## What you should do
Search the material for the word "with" and copy each line that holds it.

## Excerpted records
————
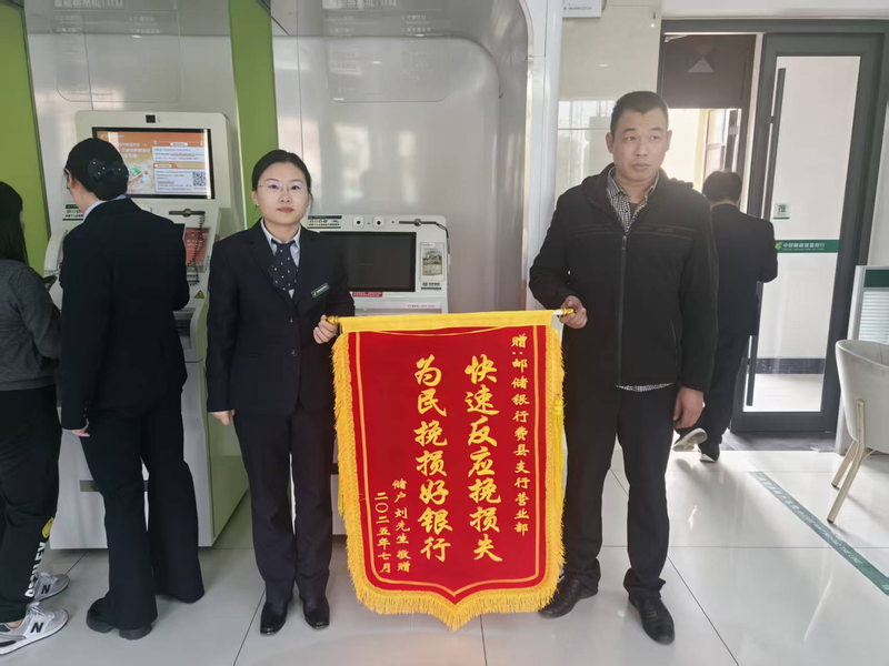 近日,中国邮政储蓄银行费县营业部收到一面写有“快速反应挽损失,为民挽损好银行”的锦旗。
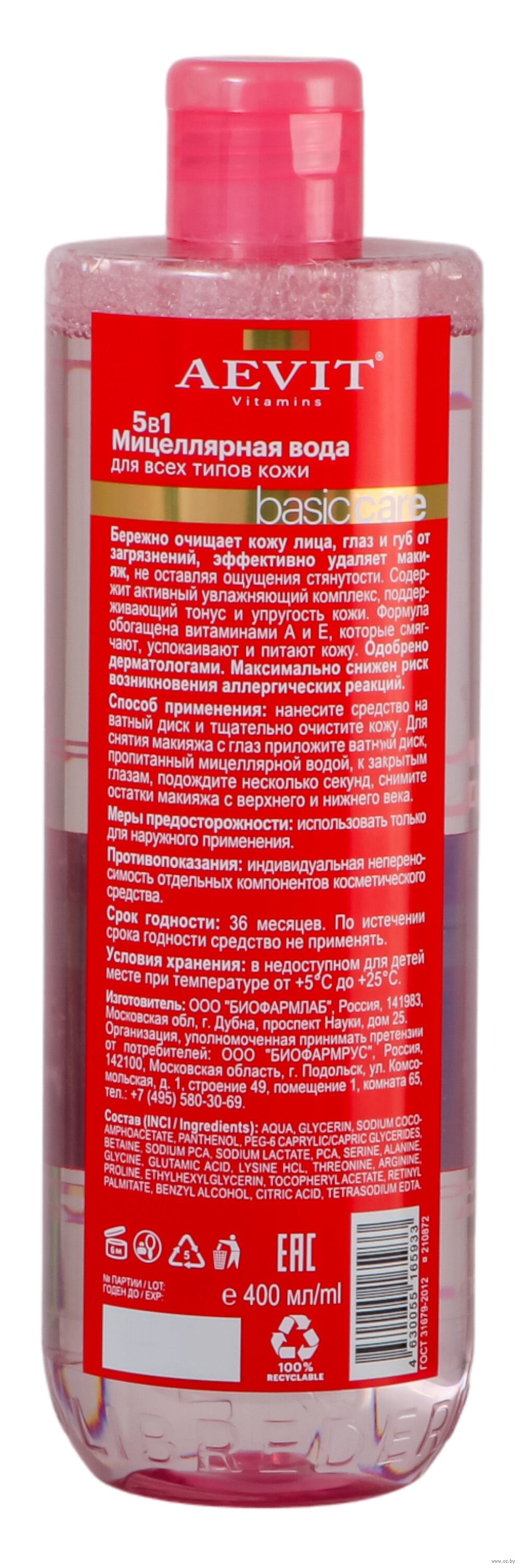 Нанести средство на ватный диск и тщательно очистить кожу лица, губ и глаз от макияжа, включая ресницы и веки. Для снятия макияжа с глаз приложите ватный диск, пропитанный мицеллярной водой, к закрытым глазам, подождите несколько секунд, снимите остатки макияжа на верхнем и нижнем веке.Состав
————
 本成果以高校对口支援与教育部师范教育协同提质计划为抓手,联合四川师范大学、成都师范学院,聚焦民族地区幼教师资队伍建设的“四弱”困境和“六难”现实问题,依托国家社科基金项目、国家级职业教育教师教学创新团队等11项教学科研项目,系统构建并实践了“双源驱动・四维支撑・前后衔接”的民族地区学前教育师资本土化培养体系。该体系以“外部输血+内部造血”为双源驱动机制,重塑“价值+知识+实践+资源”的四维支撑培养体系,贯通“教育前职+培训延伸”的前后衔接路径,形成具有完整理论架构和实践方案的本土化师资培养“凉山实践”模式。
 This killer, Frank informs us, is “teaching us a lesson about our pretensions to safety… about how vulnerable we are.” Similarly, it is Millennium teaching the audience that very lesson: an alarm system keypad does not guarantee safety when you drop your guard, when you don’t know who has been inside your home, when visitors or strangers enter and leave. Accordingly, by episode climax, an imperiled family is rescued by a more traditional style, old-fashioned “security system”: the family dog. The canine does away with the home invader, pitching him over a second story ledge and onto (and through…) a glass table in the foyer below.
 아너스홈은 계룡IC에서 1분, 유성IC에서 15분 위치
————
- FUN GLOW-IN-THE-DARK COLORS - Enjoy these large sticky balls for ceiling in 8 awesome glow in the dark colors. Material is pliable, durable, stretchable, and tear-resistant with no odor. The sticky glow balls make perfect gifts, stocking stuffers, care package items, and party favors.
————
## Output of the task
 This killer, Frank informs us, is “teaching us a lesson about our pretensions to safety… about how vulnerable we are.” Similarly, it is Millennium teaching the audience that very lesson: an alarm system keypad does not guarantee safety when you drop your guard, when you don’t know who has been inside your home, when visitors or strangers enter and leave. Accordingly, by episode climax, an imperiled family is rescued by a more traditional style, old-fashioned “security system”: the family dog. The canine does away with the home invader, pitching him over a second story ledge and onto (and through…) a glass table in the foyer below.
- FUN GLOW-IN-THE-DARK COLORS - Enjoy these large sticky balls for ceiling in 8 awesome glow in the dark colors. Material is pliable, durable, stretchable, and tear-resistant with no odor. The sticky glow balls make perfect gifts, stocking stuffers, care package items, and party favors.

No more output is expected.